Build a runnable HyperFrames or Remotion source project.
Render a 30-second 9:16 final.mp4 with an audio stream when narration/music is requested.
Run automated quality checks against the rendered mp4, assets, source project, subtitles, and runtime plan.
If Quality Gate rejects the result, route the run back to the smallest responsible step, mark that Agent as revision, preserve the failure reason in repairState, and re-run that step plus affected downstream steps instead of stopping the whole run.
Ask Recorder to persist the run memory and generate reusable skill drafts.
Build source_project.zip and <run-id>-final-package.zip.

Agent Skill Stack

The production team now has explicit quality skills:

Caption Designer: subtitle safe area, line breaks, emphasis, mute-viewing comprehension.
AutoDirector Product Promo Video: source-faithful recipe for the original intro-site/hero-video hero film, including 7-station liquid-glass walkthrough, HyperFrames/GSAP timing, TTS/VTT, imagegen panels, and automated quality gates.
Voice-Screen Sync: final-audio-based timing so narration, captions, and visible screen events line up.
Visual Composition: frame hierarchy, hero image placement, card density, typography, and contact-sheet layout quality checks.
TTS Quality: AI/neural voice auditioning, pronunciation, silence trim, retiming, and final voice rejection rules.
Science / News Explainer Video: v10-style 科普短片 recipe for conflict framing, mechanism explanation, TTS sync, true vertical layout, music selection, and quality evidence.
Recorder: durable recorder_log.jsonl, recorder_summary.md, skill_suggestions.json, and generated SKILL.md drafts from each run's actual lessons.
Motion Designer: transitions, easing, rhythm map, GSAP/Remotion timing constraints.
Sound Designer: AI/neural TTS, modern music direction, SFX cue sheet, ducking, generated/local fallback, license risk.
Asset Agent: Browser Use / Computer Use decision tree plus OpenAI imagegen prompt packs.

Product-Film Quality Bar

AutoDirector's own intro film is the minimum reference for product/team explainers. A production run should exceed that baseline by splitting the work deliberately and letting Recorder preserve what was learned:

Producer requires a visual_event_map, voice_screen_map, visual_composition_plan, tts_plan, sound_plan, imagegen_prompt_pack, motion_board, and automated quality gates before implementation.
Script writes voiceover as visual cue points, not dense paragraphs.

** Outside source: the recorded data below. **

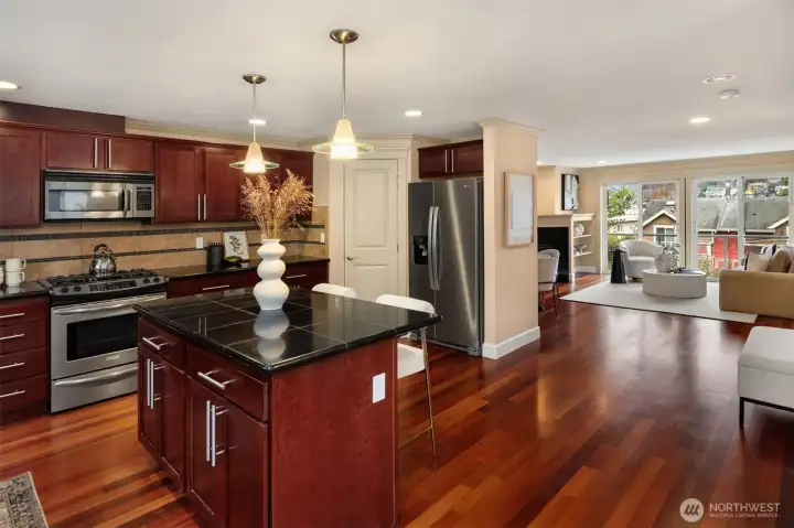 A true Magnolia gem — this beautifully refreshed, move-in ready 3 bed, 3.5 bath townhome offers 1,760 sq ft of open living with stunning views and brand new carpet throughout! Gorgeous hardwoods, a cozy gas fireplace, and a spacious kitchen with cherry cabinets and a generous island make this home ideal for hosting. Both upstairs bedrooms feature their own ensuites, plus top-floor laundry for peak convenience. The lower-level bedroom also includes its own private bath, perfect for guests or a home office. Enjoy two private decks — one off the primary suite and one off the main living area. Attached garage for everyday ease. Fantastic location with easy access to downtown, SLU, Ballard, and Fremont. Walk to parks, dining, and shopping — this is Seattle living done right!
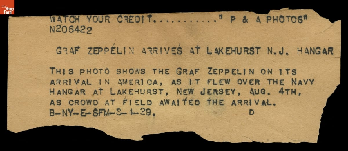 WATCH YOUR CREDIT..... "P & A PHOTOS" / N206422 / GRAF ZEPPELIN ARRIVES AT LAKEHURST N.J. HANGAR / THIS PHOTO SHOWS THE GRAF ZEPPELIN ON ITS / ARRIVAL IN AMERICA, AS IT FLEW OVER THE NAVY HANGAR AT LAKEHURST, NEW JERSEY, AUGUST 4TH, / AS CROWD AT FIELD AWAITED THE ARRIVAL. / B-NY-E-SFM- 8-4-29 D
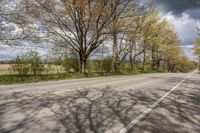 A rural road in Ontario, Canada, surrounded by lush green vegetation. The asphalt road surface leads to a tree-lined driveway with a beautiful landscape. Clear blue sky and fluffy clouds create a picturesque scene.

Every spoken sentence needs a screen-event hint.
Director converts each sentence into a card, source strip, route node, image panel, timeline layer, meter, package item, or transition event.
Asset/Imagegen create polished background plates and hero visuals with overlay-safe zones; runtime code renders exact text.
Sound uses AI/neural TTS for final narration and modern pop/electronic/indie/soft-house style music by default. Do not default to funk/phonk unless the user asks for those genres. If the user asks for local NetEase music, use the ncm-to-mp3 manifest workflow and inspect/listen before choosing.
Video Engineer implements sentence-level visual events as real DOM/components and animates them at the matching final-audio TTS/VTT or voice_screen_map timestamps.
Render produces final media plus preview/contact-sheet evidence.
Quality Gate fails videos where the narrator says more than the screen shows, where the voice sounds like an OS system voice, or where music taste ignores the user.
Recorder records the handoff trail and produces reusable skill drafts without blocking output.

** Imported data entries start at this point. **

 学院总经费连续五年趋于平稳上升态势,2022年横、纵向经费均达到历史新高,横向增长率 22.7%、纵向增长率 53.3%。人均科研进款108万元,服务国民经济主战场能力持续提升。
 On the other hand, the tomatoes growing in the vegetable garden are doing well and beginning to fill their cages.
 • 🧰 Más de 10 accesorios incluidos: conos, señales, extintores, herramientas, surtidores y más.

The local image generation skill is referenced at:

${CODEX_HOME:-~/.codex}/skills/imagegen/SKILL.md

Generated images must come from Codex/ChatGPT plugin imagegen, an explicit Image API provider, or user-uploaded assets. AutoDirector must not pass HTML/SVG/canvas/local raster diagrams as generated hero visuals. If the selected host cannot generate images, the image task is blocked honestly while the rest of the pipeline remains usable.

Outputs are stored in:

.autodirector/runs/<run-id>/final-package/

The package starts with judging_readme.md, which gives reviewers the fastest path through the demo, the Agent handoff trail, visual evidence, quality blockers, Recorder memory, and the final package map.

OAuth / MCP

The server implements the ChatGPT Apps/MCP OAuth shape:

/.well-known/oauth-protected-resource
/.well-known/oauth-authorization-server
/.well-known/openid-configuration
/oauth/register
/oauth/authorize
/oauth/token
/oauth/jwks
/oauth/start
/oauth/callback
/mcp

Implemented behavior:

Dynamic client registration.
Authorization code + PKCE (S256).
Local consent page.
RS256 JWT access tokens.
JWKS publication.
MCP tools/list and tools/call require Authorization: Bearer <token>.
Failed MCP auth returns 401 with WWW-Authenticate pointing to protected-resource metadata.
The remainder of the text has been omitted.